UK, US, Australian citizens struggle with retirement plans

People in the United Kingdom, United States and Australia are finding it increasingly difficult to prepare for retirement due to growing demands for them to manage their own risks, according to a new international actuary survey.

In a statement, Ted Goldman, senior pension fellow with the American Academy of Actuaries, said: "Many people start planning but can't follow through because they aren't equipped to address complex questions like how much they need to save for retirement, how they will cover the risk of an especially long life, or how they will handle unexpected costs associated with chronic health conditions as they age".

Mr Goldman added that policymakers need to support education initiatives to help retirement savers.

The report showed that just over half of all participants in the survey of working-age people age 18 to 64 feel prepared for retirement, with longevity being the least understood.

The survey published on Thursday by the American Academy of Actuaries, the Institute and Faculty of Actuaries and the Actuaries Institute of Australia, concluded: "Only about one-third of the respondents know how long their assets will last in retirement, and about half have planned for the possibility of a longer-than-expected life".

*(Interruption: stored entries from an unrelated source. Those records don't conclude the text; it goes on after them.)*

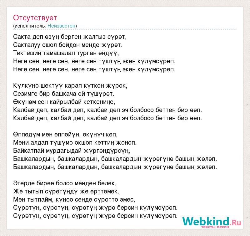 Сакта деп өзүң берген жалгыз сүрөт, Сакталуу ошол бойдон менде жүрөт. Тиктешиң тамашалап турган өңдүү, Неге сен, неге сен, неге сен түштүң экен күлүмсүрөп. Неге сен, неге сен, неге сен түштүң экен күлүмсүрөп. Күлкүңө шектүү карап күткөн жүрөк, Сезимге бир башкача ой түшүрөт. Өкүнөм сен кайрылбай кеткениңе, Калбай деп, калбай деп, калбай деп эч болбосо беттен бир өөп. Калбай деп, калбай деп, калбай деп эч болбосо беттен бир өөп. Өппөдүм мен өппөйүн, өкүнүч көп, Мени алдап түшүмө окшоп кеттиң жөнөп. Байкатпай мурдагыдай жүргөндүрсүң, Башкалардын, башкалардын, башкалардын жүрөгүнө башың жөлөп. Башкалардын, башкалардын, башкалардын жүрөгүнө башың жөлөп. Эгерде бирөө болсо менден бөлөк, Же тытып сүрөтүңдү же өрттөмөк. Мен тытпайм, күнөө сенде сүрөттө эмес, Сүрөтүң, сүрөтүң, сүрөтүң жүрө берсин күлүмсүрөп. Сүрөтүң, сүрөтүң, сүрөтүң жүрө берсин күлүмсүрөп.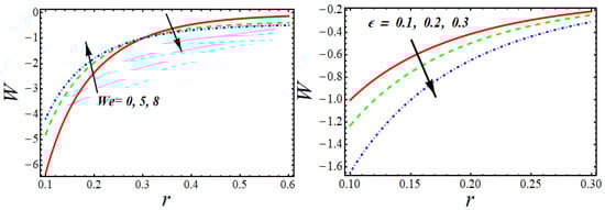The effect of Grashof number is illustrated in Figure 4. It was observed that the fluid velocity decreased with the increase of , and started to increase when . It is seen that with the increase of the velocity declined, but became larger for . Figure 5 shows the variation of the velocity with for various values of the Weissenberg number . This figure shows that the fluid velocity increased with the increase of the Weissenberg number in the range of [0.1–0.32], whereas the opposite was observed in the range of [0.32–0.60]. To examine a viscoelastic flow, the Weissenberg number was used. We inspected the effect of forces from elastic to viscous. For high values of the Weissenberg number, the flow of fluid particles encountered resistance, and as a consequence, the velocity decreased. In Figure 5 we see that decreased with the increase of . Figure 6 illustrates the velocity profile for various values of the magnetic and Darcy parameters. We concluded that the velocity decreased for increasing values of the magnetic field parameter . The reason for this phenomenon is that, due to the increase in magnetic the parameters, the Lorentz force was generated and created a resistance force in the flow; as a result, the velocity profile decreased. Further, this figure shows that the velocity decreased by increasing M in the range of ad after that, the velocity increased by increasing M. It is also clear that, in all curves in this figure, the maximum value of occurred at . In Figure 6, the effect of on the velocity distribution is displayed. It is clear that increased by increasing in the range of , and decreased by increasing in the range of . In this figure, we can also see that, although there was a big difference between the values of , we observed small differences between the three curves of which were taken at , when the other parameters were constant.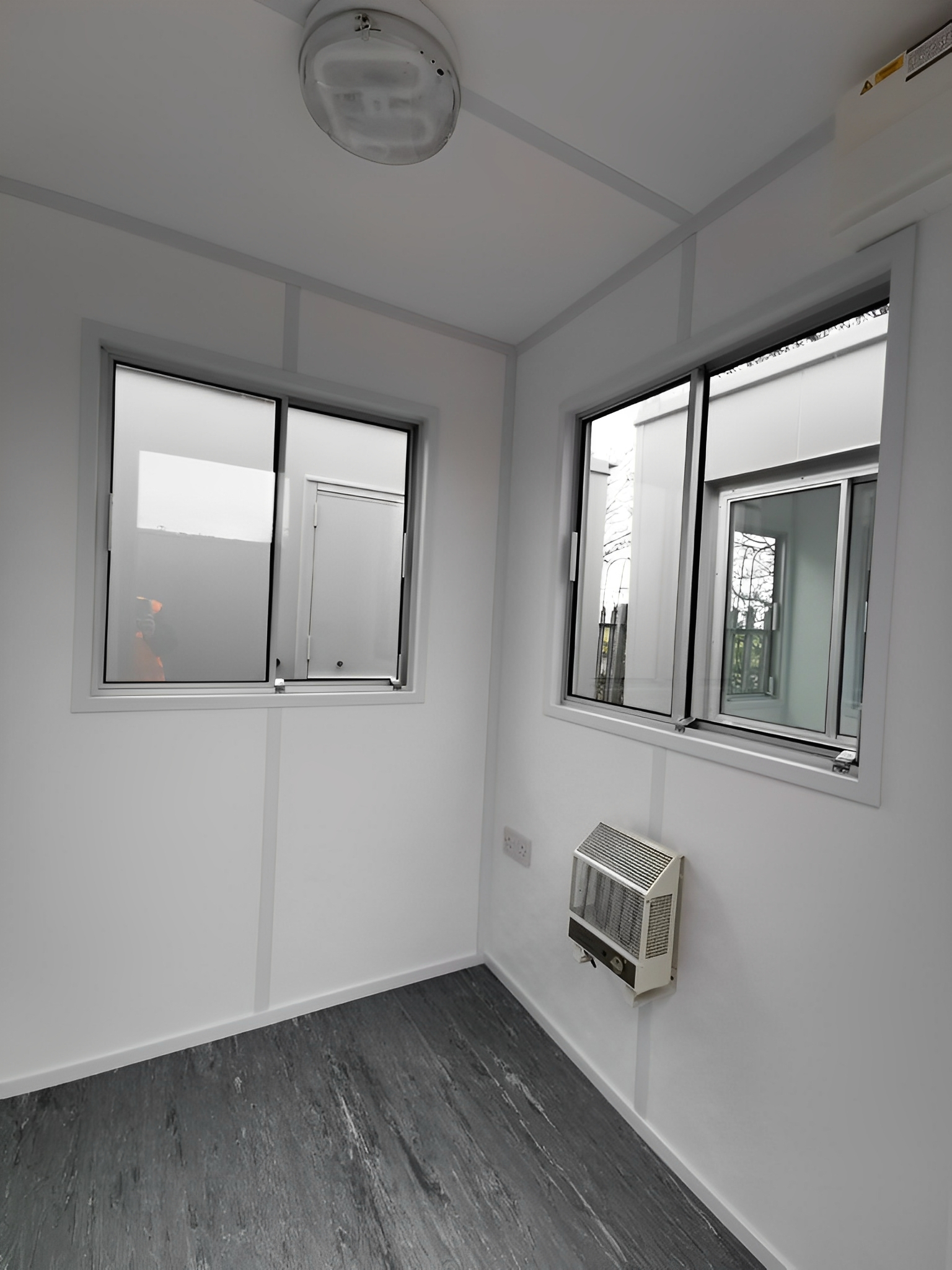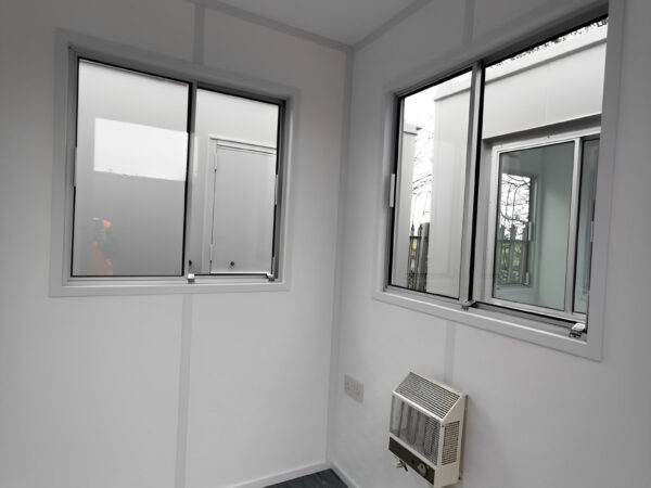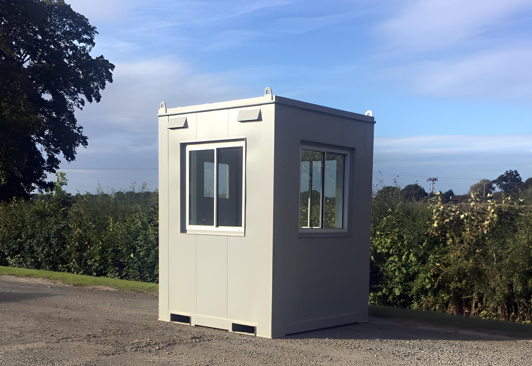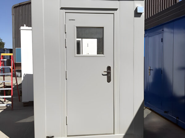 Die 1,83 m x 1,83 m große Einzelwachkabine ist eine kompakte, komplett aus Stahl gefertigte Sicherheitskabine, die maximale Sicht, Wetterschutz und Langlebigkeit für einen Sicherheitsmitarbeiter bietet. Dank Fenstern an drei Seiten und einer Tür bietet diese Einheit eine 360°-Rundumsicht und eignet sich daher ideal zur Zugangskontrolle und Überwachung des Umfelds an stark frequentierten oder sensiblen Orten.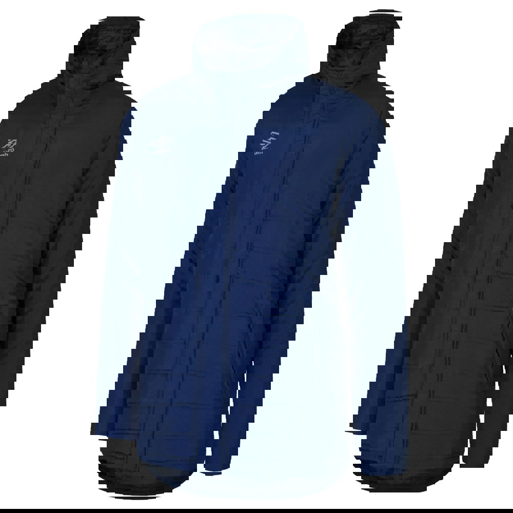 This children’s padded jacket from Umbro is made from 100% polyester and finished in navy with a logo design. The fabric uses water-resistant technology for added protection in wet conditions.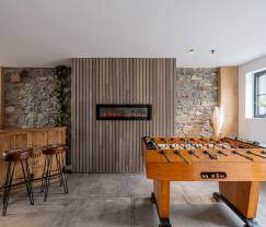 Das Ferienhaus bietet eine breite Palette an Einrichtungen, die Ihren Aufenthalt unvergesslich machen. So gibt es eine gemütliche Bar, an der Sie gemeinsam ein Getränk genießen können, ein Tischfußballspiel für etwas lustigen Wettbewerb und einen großzügigen Spielraum mit verschiedenen Gesellschaftsspielen, um die Abende zu verbringen. Draußen können Sie die private Terrasse mit komfortablen Gartenmöbeln genießen, ideal zum Entspannen oder um eine köstliche Mahlzeit auf dem Grill zuzubereiten.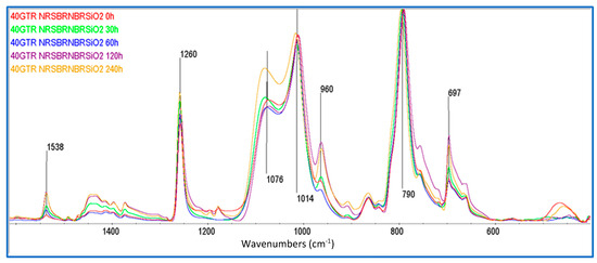 Figure 6. FTIR spectra of dGTR/NR/SBR/NBR/SiO2 compounds filled with 40 phr of dGTR as a function of different thermo-oxidation exposure times (0, 30, 60, 120, and 240 h). Y axis in arbitrary units.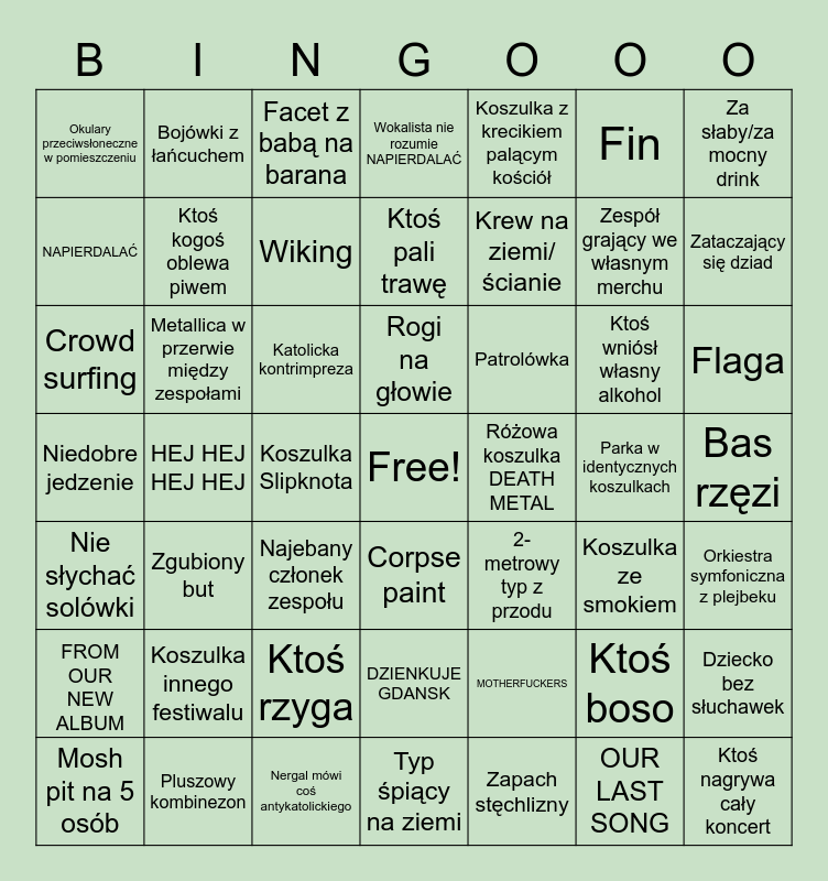 This bingo card has a free space and 48 words: MOTHERFUCKERS, Zespół grający we własnym merchu, Typ śpiący na ziemi, HEJ HEJ HEJ HEJ, Katolicka kontrimpreza, Bas rzęzi, Bojówki z łańcuchem, Pluszowy kombinezon, Fin, Corpse paint, Za słaby/za mocny drink, Wokalista nie rozumie NAPIERDALAĆ, Ktoś wniósł własny alkohol, Patrolówka, FROM OUR NEW ALBUM, Parka w identycznych koszulkach, NAPIERDALAĆ, Zataczający się dziad, Ktoś boso, Koszulka z krecikiem palącym kościół, Krew na ziemi/ścianie, Koszulka Slipknota, Okulary przeciwsłoneczne w pomieszczeniu, Ktoś kogoś oblewa piwem, Dziecko bez słuchawek, Wiking, Flaga, Mosh pit na 5 osób, Rogi na głowie, Metallica w przerwie między zespołami, OUR LAST SONG, Różowa koszulka DEATH METAL, Orkiestra symfoniczna z plejbeku, Koszulka innego festiwalu, Niedobre jedzenie, 2-metrowy typ z przodu, Koszulka ze smokiem, Crowd surfing, Najebany członek zespołu, Ktoś rzyga, Nie słychać solówki, Ktoś nagrywa cały koncert, Facet z babą na barana, Nergal mówi coś antykatolickiego, Ktoś pali trawę, DZIENKUJE GDANSK, Zgubiony but and Zapach stęchlizny.

All three countries are moving away from defined benefit pension schemes. The UK has a higher percentage of its population over 65 and a smaller proportion of that group (21%) employed than Australia, with 25% still working, or the United States at 30% respectively. However, the UK spends a similar proportion of its gross domestic product on benefits for its older population as does the US, and noticeably more than Australia.

In addition to targeted financial education, the report also recommends increased use of default features in private retirement plans, whilst ensuring that public pension and social insurance systems are sustainable and adequate.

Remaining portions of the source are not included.